Hey there, time traveller!
This article was published 13/1/2009 (2724 days ago), so information in it may no longer be current.
PRINCE ALBERT, Sask. - A former player with the Canadian Football League has been granted full parole after serving two years in prison for knowingly exposing two women to the virus that causes AIDS.
Trevis Smith made his case Wednesday before the National Parole Board in Prince Albert, Sask., where he is serving a six-year sentence at a federal penitentiary.
The panel said it believes Smith has insight into what he did and will be a manageable risk when released Feb. 25.
The married father of two, originally from Alabama, was a starting middle linebacker with the Saskatchewan Roughriders for seven years before he was arrested in 2005. He was convicted two years later on two counts of aggravated sexual assault.
The parole board said a deportation order against Smith will be executed once he is released and he will have to return to the United States.

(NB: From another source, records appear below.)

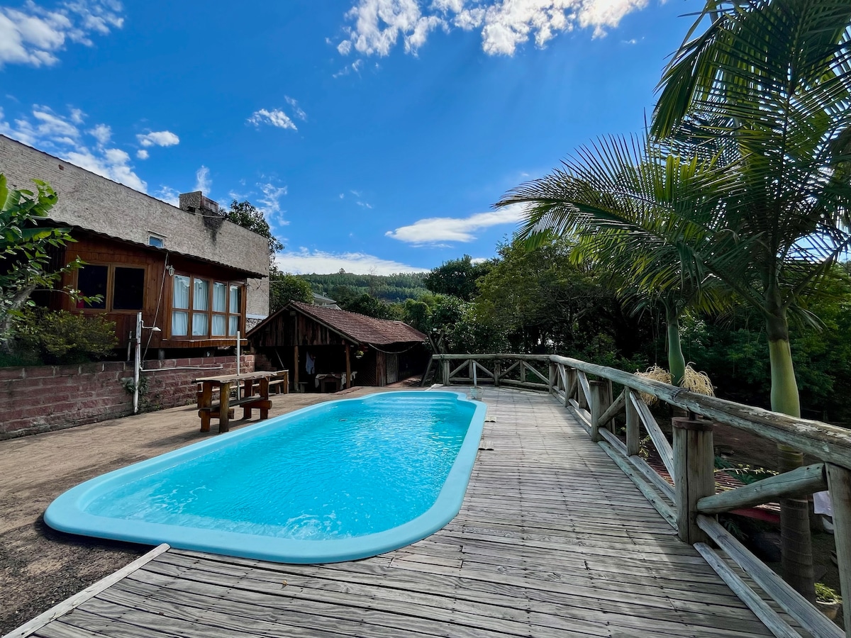 Desfrute de uma casa de campo aconchegante, com piscina, privacidade e uma vista deslumbrante do pôr do sol. Nossa casa oferece uma excelente estadia, 2 quartos (quarto casal com ar condicionado), 2 banheiros, rede Wi-Fi, sala confortável com lareira, piscina com amplo deck, cozinha completa com fogão à lenha campeiro, churrasqueira interna e externa, louças e eletrodomésticos. Um refúgio feito para desacelerar, recarregar as energias e apreciar cada detalhe!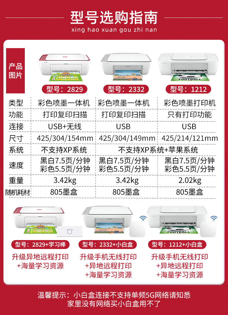 惠普(HP)1212/2332/2829彩色打印机学生无线家用办公复印扫描喷墨一体机小型照片A4纸 2332+小白盒【打印/复印/扫描+手机无线打印】 套餐一(单黑色可加墨+黑色墨水3瓶+大礼包)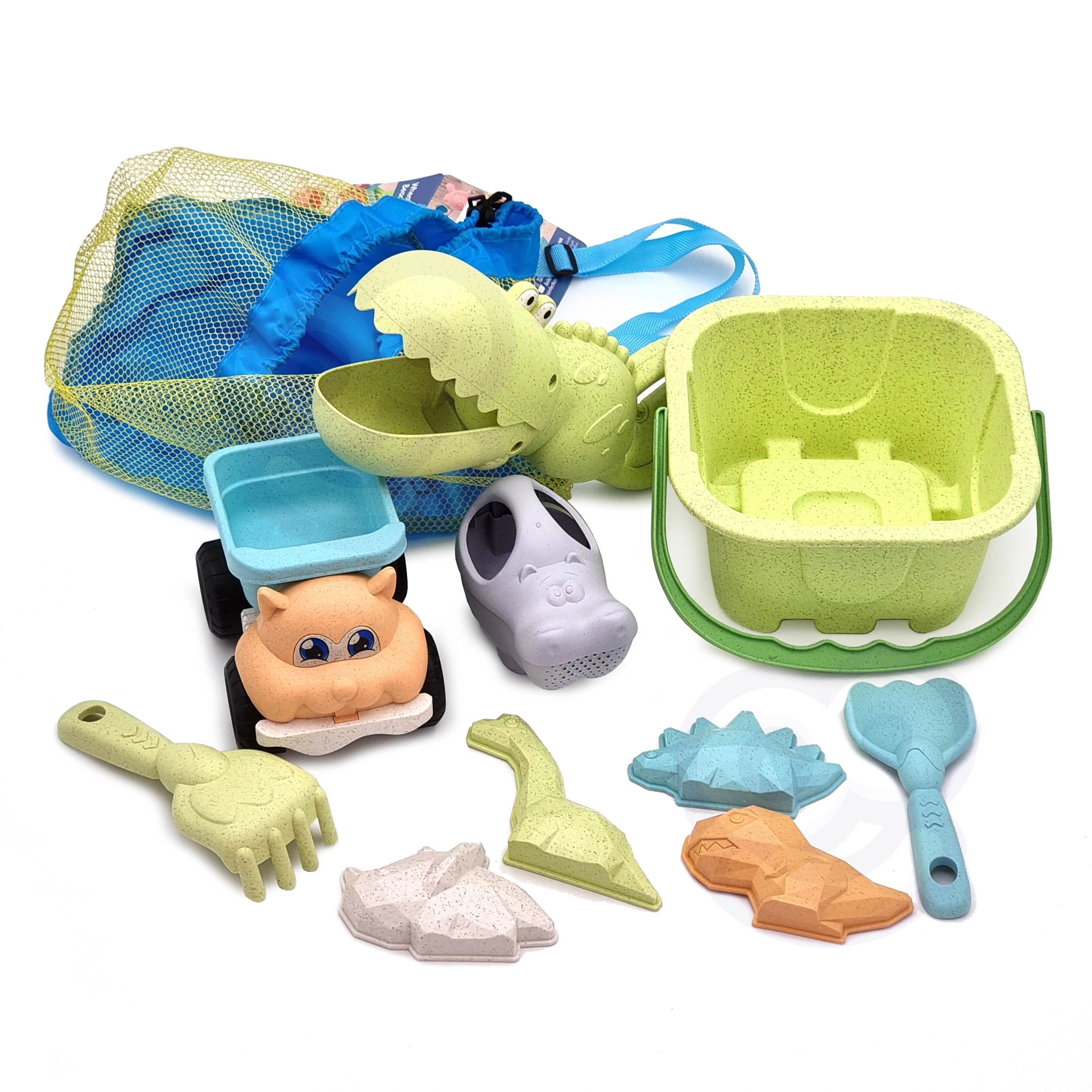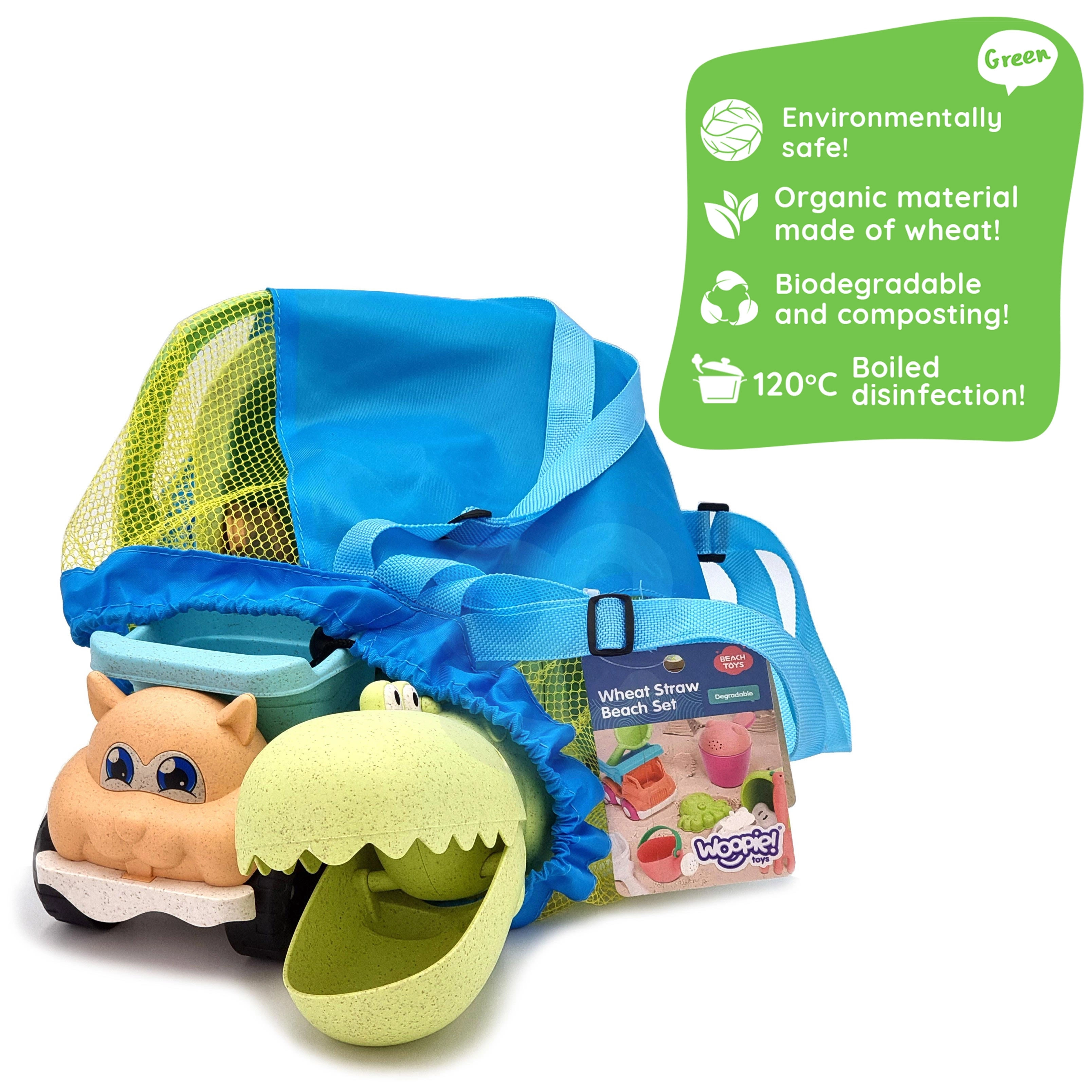 Odkrijte trajnostno zabavo s kompletom WOOPIE GREEN v modernih pastelnih barvah. Organski material na osnovi pšeničnih vlaken je biološko razgradljiv in kompostabilen, zato bodo otroci uživali v ustvarjanju, vi pa v dobrem občutku skrbi za naravo. Zračen mrežast nahrbtnik olajša prenašanje in sušenje igrač po igri ob vodi.

Smith sat answering questions from the board for more than an hour, at one point taking a break to wipe sweat dripping from his shaved head.
The 32-year-old quietly said embarrassment and denial of his HIV diagnosis and poor communication skills led to his crime. He has completed a sex offender course and learned from his mistakes behind bars.
"As bad as it may seem, this is probably the best thing that ever happened to me," Smith said.
He told the board he no longer expects to be a professional athlete.
He plans to rejoin his wife and two children in Alabama, become a substitute teacher and coach football. When the board questioned whether he would be allowed to work with children, Smith said it shouldn't be a problem.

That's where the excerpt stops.